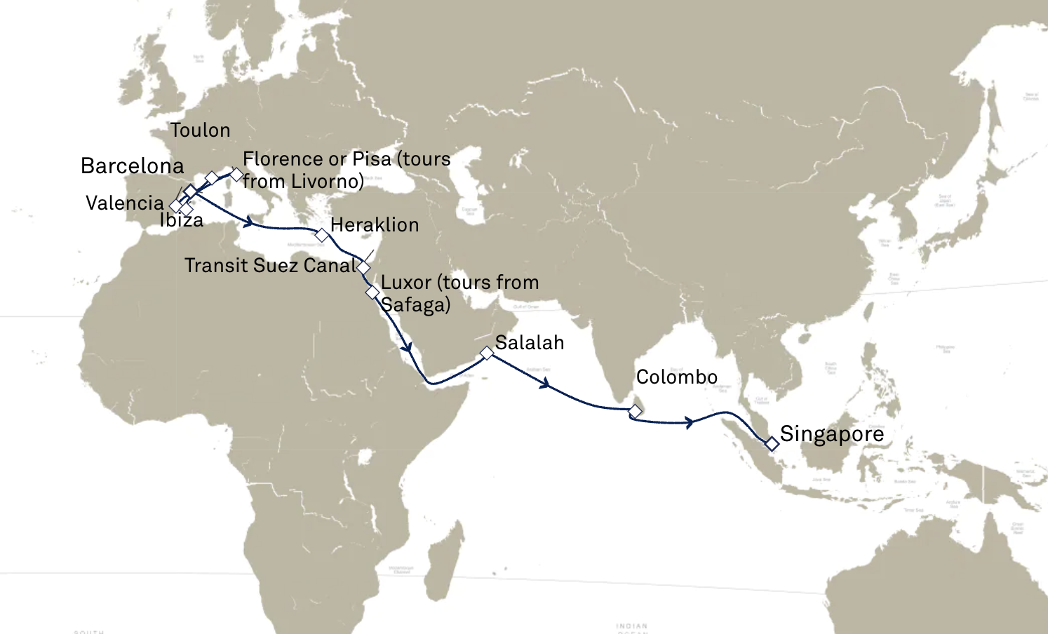Grand Voyage : Méditerranée Occidentale et Singapour, à partir de Barcelone
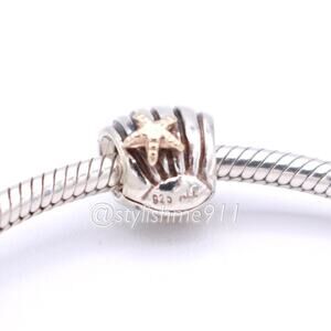 Authentic PANDORA Retired Sterling Silver with 14K Gold Sea Shell with Starfish Nautical Bead, 925 ALE Stamp
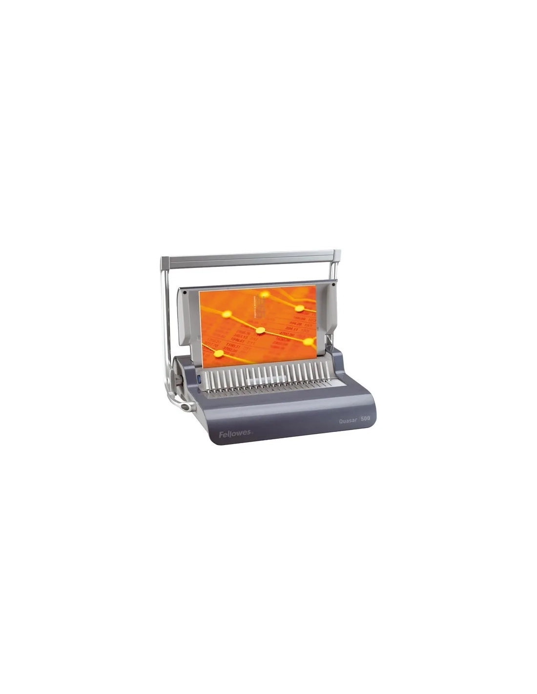 Perfora hasta 20 hojas. Encuaderna hasta 500 hojas A4 de 80g con un canutillo de 51 mm. Selector de diámetro de canutillo. Dim: 474 x 518 x 206 mm, peso 7.52 kg.Encuaderno Quasar 500
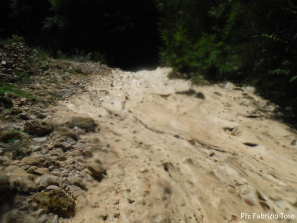 Siamo ancora in parecchi. Arrivo al passaggio sifonante che segna il confine tra Falvaterra e Pastena. E’ una barriera naturale che non permette il passaggio verso Falvaterra a gran parte del pattume che entra a Pastena. L’attraversamento nel mare di bottiglie di plastica, polistirolo ed altre schifezze galleggianti non e’ tra le cose piu’ rimarchevoli della traversata, pero’ si fa. Passo per primo creando un canale quasi pulito per il passaggio degli altri.
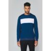 100% poliéster : muito resistente. Tapa-costuras interior no decote. 100% poliéster tricot. Frente com banda em contraste com cerca de 11,50 cm de altura. Decote redondo. Tapa-costuras. Acabamento em malha com elastano no decote na manga e na bainha.
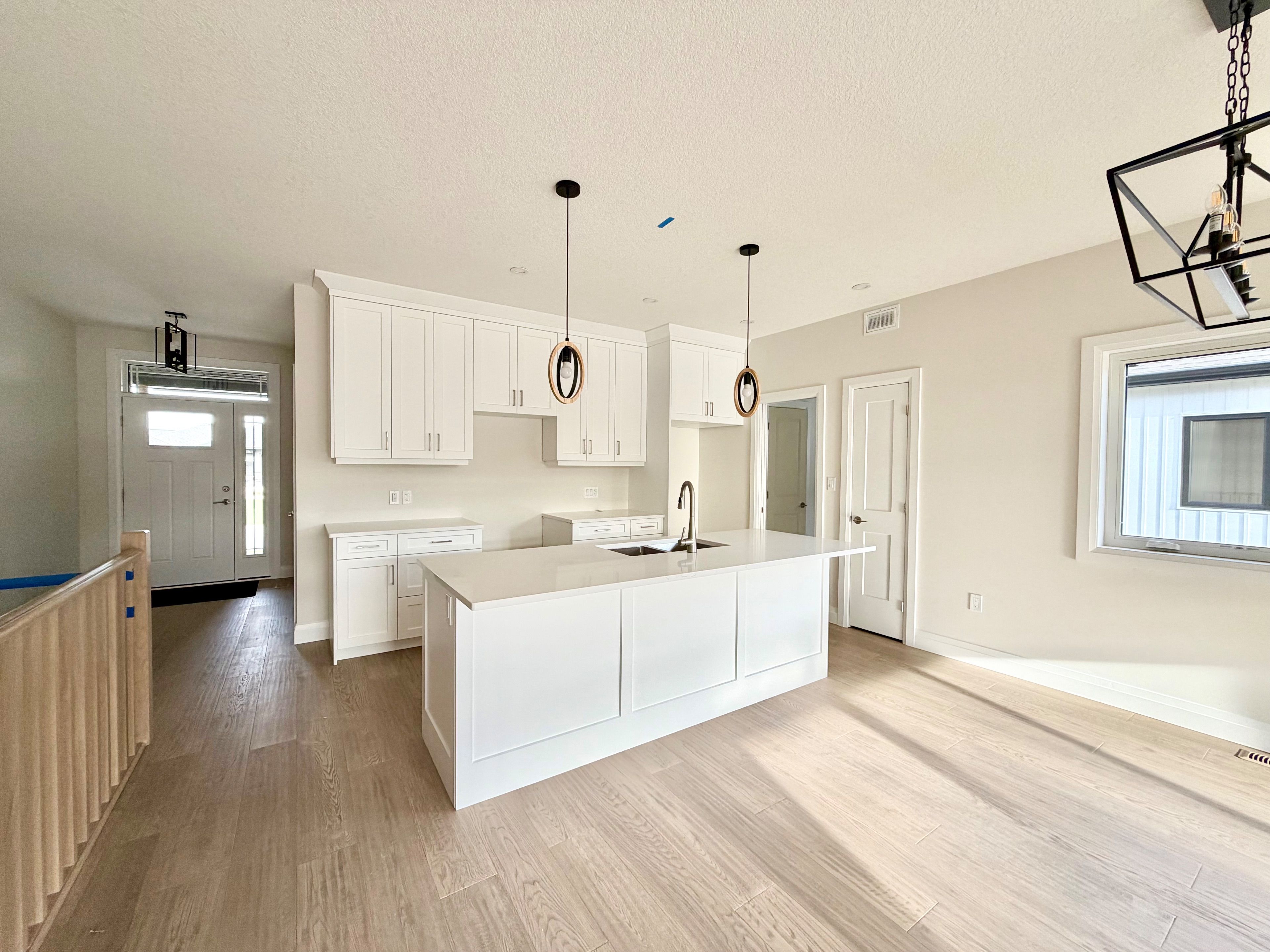 • Modern kitchen with durable quartz countertops and hardwood staircase.
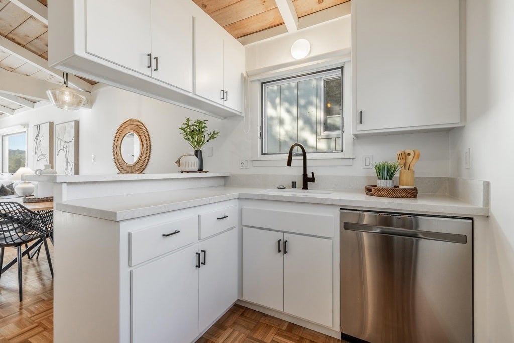 Serene Hillside Sanctuary with Iconic Mt. Tam Views! Perched above the heart of downtown, 148 Ridgeway Ave is the quintessential Fairfax retreat you’ve been waiting for. This charming 2-bedroom cottage blends mid-century character with natural serenity, featuring soaring open-beam cathedral ceilings and walls of glass that frame stunning views of the hills and Mt. Tamalpais. Enjoy seamless indoor-outdoor living with a spacious view deck—perfect for morning coffee or sunset entertaining. With a flexible lower-level bonus room (ideal for a home office or music studio) and a street-to-street lot just steps from world-class hiking trails and vibrant local dining, this home offers the ultimate Marin lifestyle.
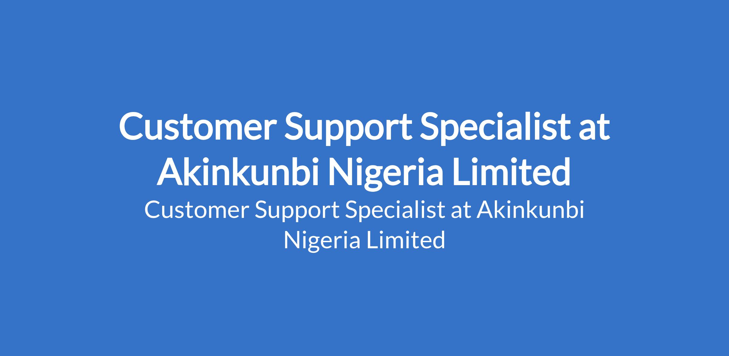 Akinkunbi Nigeria Limited is recruiting to fill the position of: Customer Support Specialist. The position is located in Ikeja, Lagos State. Salary: N100,000 - N150,000 monthly. Interested candidates should possess an OND / HND qualification with 1 year experience
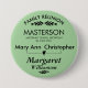 A family reunion name button with family tree information helps break the ice and improve memories! This custom button features attendees first and last name with parent's first names, name and location of event. Create custom buttons for your next family reunion with this easy to use design. These buttons are easy to personalize and the info is so handy for everyone! You can change the background colour to coordinate with your event or colour code by family or other sorting: maybe the organizers are a different colour.

--------------------------------

**Task goal**. Reproduce every entry exactly; images stay out.

**Written answer**.
Grand Voyage : Méditerranée Occidentale et Singapour, à partir de Barcelone
 Authentic PANDORA Retired Sterling Silver with 14K Gold Sea Shell with Starfish Nautical Bead, 925 ALE Stamp
 Perfora hasta 20 hojas. Encuaderna hasta 500 hojas A4 de 80g con un canutillo de 51 mm. Selector de diámetro de canutillo. Dim: 474 x 518 x 206 mm, peso 7.52 kg.Encuaderno Quasar 500
 Siamo ancora in parecchi. Arrivo al passaggio sifonante che segna il confine tra Falvaterra e Pastena. E’ una barriera naturale che non permette il passaggio verso Falvaterra a gran parte del pattume che entra a Pastena. L’attraversamento nel mare di bottiglie di plastica, polistirolo ed altre schifezze galleggianti non e’ tra le cose piu’ rimarchevoli della traversata, pero’ si fa. Passo per primo creando un canale quasi pulito per il passaggio degli altri.
 100% poliéster : muito resistente. Tapa-costuras interior no decote. 100% poliéster tricot. Frente com banda em contraste com cerca de 11,50 cm de altura. Decote redondo. Tapa-costuras. Acabamento em malha com elastano no decote na manga e na bainha.
 • Modern kitchen with durable quartz countertops and hardwood staircase.
 Serene Hillside Sanctuary with Iconic Mt. Tam Views! Perched above the heart of downtown, 148 Ridgeway Ave is the quintessential Fairfax retreat you’ve been waiting for. This charming 2-bedroom cottage blends mid-century character with natural serenity, featuring soaring open-beam cathedral ceilings and walls of glass that frame stunning views of the hills and Mt. Tamalpais. Enjoy seamless indoor-outdoor living with a spacious view deck—perfect for morning coffee or sunset entertaining. With a flexible lower-level bonus room (ideal for a home office or music studio) and a street-to-street lot just steps from world-class hiking trails and vibrant local dining, this home offers the ultimate Marin lifestyle.
 Akinkunbi Nigeria Limited is recruiting to fill the position of: Customer Support Specialist. The position is located in Ikeja, Lagos State. Salary: N100,000 - N150,000 monthly. Interested candidates should possess an OND / HND qualification with 1 year experience
 A family reunion name button with family tree information helps break the ice and improve memories! This custom button features attendees first and last name with parent's first names, name and location of event. Create custom buttons for your next family reunion with this easy to use design. These buttons are easy to personalize and the info is so handy for everyone! You can change the background colour to coordinate with your event or colour code by family or other sorting: maybe the organizers are a different colour.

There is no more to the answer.